Oguz Yusuf, Yilmaz Mahmut Ilker, Acikel Cengizhan, Eyileten Tayfun, Caglar Kayser, Oktenli Cagatay, Yenicesu Mujdat, Vural Abdulgaffar
Department of Nephrology, Gulhane School of Medicine, Etlik, Ankara, Turkey.
Ren Fail. 2009;31(1):29-35. doi: 10.1080/08860220802546461.
Adipose tissue appears to be a modulator of vascular injury and systemic inflammation. The aim of this study was to establish the relationship between plasma adiponectin concentration and severity of proteinuria in patients with proteinuria. We enrolled 77 patients with nephrotic and non-nephrotic proteinuria with normal renal function along with 38 matched controls in a cross-sectional study. These patients were divided into group 1 (n = 44, non-nephrotic proteinuria, <3.5 g/day) and group 2 (n = 43, nephrotic proteinuria, >3.5 g/day) by severity of proteinuria. Circulating adiponectin and high-sensitivity C-reactive protein (hsCRP) levels were measured using commercial ELISA. HOMA index and hsCRP levels were all significantly higher in proteinuric patients than in control subjects, while plasma adiponectin levels were significantly lower (p < 0.001). When compared to patients with non-nephrotic proteinuria, patients with nephrotic proteinuria had significantly higher plasma hsCRP and HOMA index (p < 0.001). According to the multiple regression analysis, proteinuria levels were independently related to adiponectin levels. Decreases in adiponectin levels were more prominent in patients with nephrotic proteinuria than in patients with non-nephrotic proteinuria. These results show that the reduction of plasma adiponectin concentrations depend on insulin resistance and inflammation rather than directly severity of proteinuria in patients with proteinuria.

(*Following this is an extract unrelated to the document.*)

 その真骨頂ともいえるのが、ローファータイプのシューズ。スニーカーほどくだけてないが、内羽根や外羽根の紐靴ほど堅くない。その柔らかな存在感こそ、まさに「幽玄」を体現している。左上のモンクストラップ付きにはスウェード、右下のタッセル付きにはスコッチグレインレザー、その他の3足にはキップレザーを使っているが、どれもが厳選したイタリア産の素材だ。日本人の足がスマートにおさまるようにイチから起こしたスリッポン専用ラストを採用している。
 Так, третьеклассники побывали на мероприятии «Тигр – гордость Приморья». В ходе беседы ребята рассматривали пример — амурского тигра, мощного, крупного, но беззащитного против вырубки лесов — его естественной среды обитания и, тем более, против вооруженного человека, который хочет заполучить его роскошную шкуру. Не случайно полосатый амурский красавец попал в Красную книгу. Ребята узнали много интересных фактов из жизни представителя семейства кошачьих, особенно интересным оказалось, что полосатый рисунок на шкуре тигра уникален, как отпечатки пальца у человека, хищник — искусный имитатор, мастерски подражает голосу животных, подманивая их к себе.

脂肪组织似乎是血管损伤和全身炎症的调节因子。本研究的目的是确定蛋白尿患者血浆脂联素浓度与蛋白尿严重程度之间的关系。在一项横断面研究中,我们纳入了77例肾功能正常的肾病性和非肾病性蛋白尿患者以及38例匹配的对照者。根据蛋白尿的严重程度,这些患者被分为1组(n = 44,非肾病性蛋白尿,<3.5 g/天)和2组(n = 43,肾病性蛋白尿,>3.5 g/天)。使用商用ELISA法测定循环脂联素和高敏C反应蛋白(hsCRP)水平。蛋白尿患者的HOMA指数和hsCRP水平均显著高于对照组,而血浆脂联素水平显著降低(p < 0.001)。与非肾病性蛋白尿患者相比,肾病性蛋白尿患者的血浆hsCRP和HOMA指数显著更高(p < 0.001)。根据多元回归分析,蛋白尿水平与脂联素水平独立相关。肾病性蛋白尿患者脂联素水平的降低比非肾病性蛋白尿患者更为显著。这些结果表明,蛋白尿患者血浆脂联素浓度的降低取决于胰岛素抵抗和炎症,而非直接取决于蛋白尿的严重程度。